税抜・税込、請求時の秒単位・分単位の丸めもそろえます。1通話ごとの端数切り上げがある場合、短い通話が多い業務では想定より費用が増えることがあります。

連携と改善支援の範囲を確認する

CRM連携は、機能の有無だけでは費用を判断できません。標準コネクターで接続するのか、APIを使って個別に作るのかで初期費用が変わります。通話結果を書き戻す項目の追加や認証方式の変更が、保守範囲に含まれるかも確認します。

会話設計も同様です。初回のトーク作成だけを支援するサービスと、運用後の録音確認や改善提案まで行うサービスでは、月額に含まれる作業が違います。自社で修正できることは利点ですが、公開前の承認やテストを誰が行うかを決めなければなりません。

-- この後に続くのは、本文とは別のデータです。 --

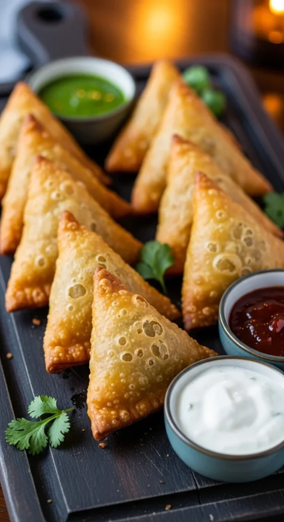 Samosas are almost always present at festive tables. Their crisp shell and savory filling make them a favorite for all ages. They can be prepared earlier and fried when needed. They disappear quickly at gatherings.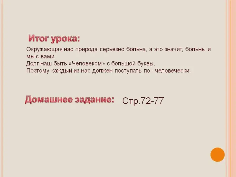 Итог урока: Окружающая нас природа серьезно больна, а это значит, больны и мы с вами. Долг наш быть «Человеком» с большой буквы. Поэтому каждый из нас должен поступать по-человечески.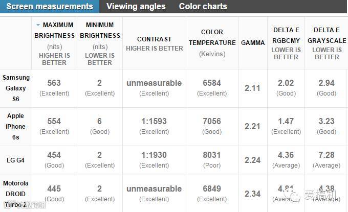 (Droid Turbo 2 与别家机型屏幕对比)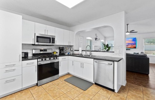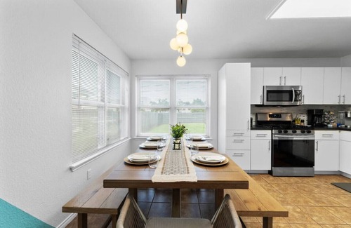 • KITCHEN & DINING: Cook with ease in the fully stocked kitchen, complete with modern appliances and cooking essentials. Dine at the table for 8, with extra seating for larger groups. Prefer dining out? Great restaurants are just minutes away.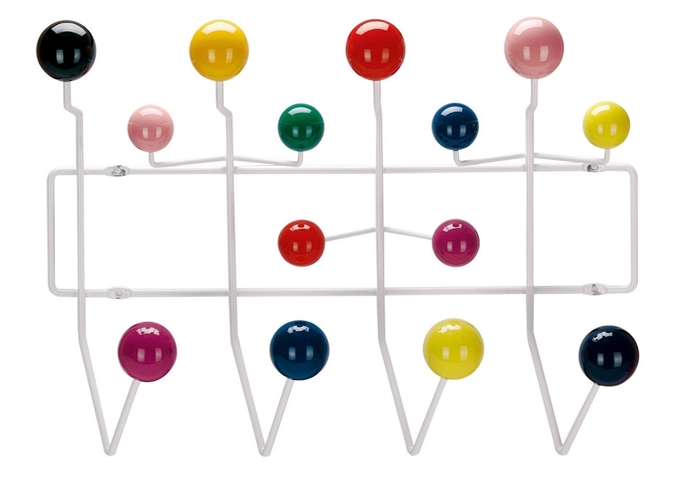Vitra Hang il all: Anstelle einfacher Haken sollen bei Hang it all Holzkugeln in kräftigen Farben Kinder dazu ermuntern, wortwörtlich "all ihre Sachen" daran aufzuhängen. Dank des regelmässigen Abstandes zwischen den Kugeln lässt sich die Garderobe beliebig oft nebeneinander montieren. Sie ist eine fröhliche Alternative zu langweiligen Kleiderhaken – und das nicht nur im Kinderzimmer.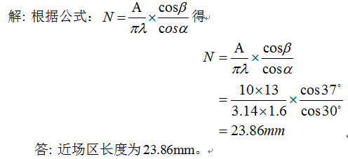 13、问答题 计算题:求折射角为37°斜探头在钢中的近场区长度。(已知λ=1.6mm、α=30°、晶片尺寸为10mm×13mm)。

比較するときは、見積書の横に「提供会社が行う作業」と「自社が行う作業」を書きます。担当が決まっていない作業は無料ではなく、未計上の運用費です。

安さではなく一つの成果単位で見る

総額を出したら、月間費用を有効な会話数で割ります。ここでいう有効な会話は、自社が必要とする情報を取得し、次の行動が決まった通話です。単なる応答や短時間の接続を成果にすると、安く見えても営業へ渡せる結果が増えない場合があります。

有人営業との比較では、架電時間だけを人件費から引きません。対象リストの準備・結果入力・再架電・引き継ぎ・品質確認に使う時間を現在値として測ります。AI導入後も残る作業を差し引いた削減時間と、追加された有効会話で費用を評価します。

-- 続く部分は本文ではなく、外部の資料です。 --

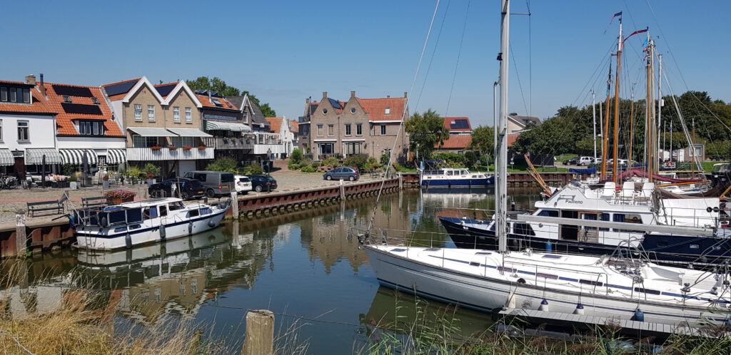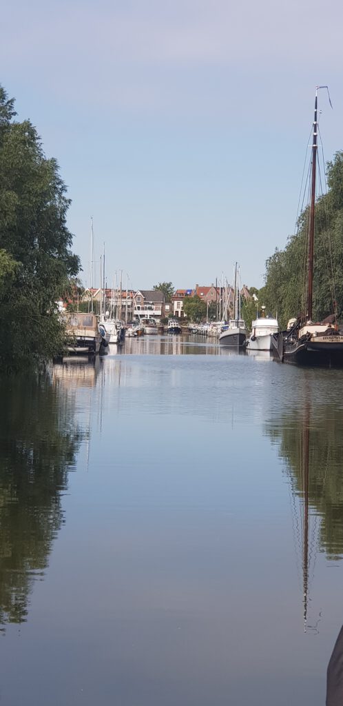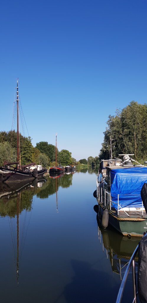 Auch in Oolgensplaat ist nichts los, aber wir wollen ja auch mal Häfen erkunden, die man sonst nicht so anläuft. Es geht erstmal durch einen kleinen Verbindungskanal und dann kommt man zu Längstege bds. Es sieht schon ziemlich voll aus und so schnappen wir uns direkt den einzig freien Liegeplatz. Vom Gefühl ist es wie an einer Insel, da neben uns direkt Bäume und Schilf sind.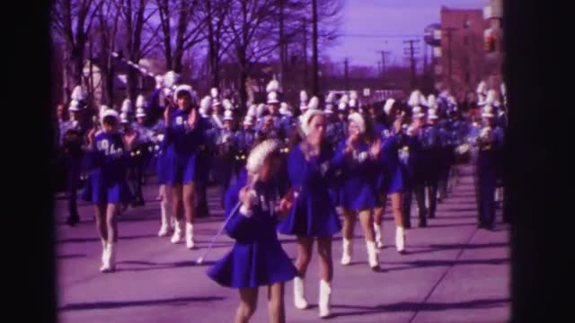 > 1974: a group of girls performing a great act in a spectacle on the street LYNBROOK, NEW YORK

アポイント数を使う場合は、日程を入れただけの件数と営業が受け入れた件数を分けます。キャンセルや重複、対象外の相手を除いた定義を候補間で統一してください。提供会社が件数を確約していない場合、想定アポイント数を確約値として置かないことも重要です。

同じ見積条件を三社へ送る

最後に、対象業務・三つの利用量・必要な連携・保存期間・支援範囲を一枚にします。各社へ同じ内容を送り、12か月総額と費目別の回答を依頼します。

回答を受け取ったら、未記載の費目をゼロとは扱いません。「料金に含む」「利用しない」「追加見積もり」のいずれかへ確定させます。契約期間・自動更新・解約時のデータ出力・検証から本番へ移る際の再設定費も確認してください。

最初の一歩は、直近一か月の架電実績から総架電回数・会話成立数・AIへ任せたい会話時間を出すことです。実績がなければ初回検証の数値を置きます。その一枚をAIテレアポの比較表と候補一覧で使えば、月額の大小ではなく自社の業務を続ける総額で選べます。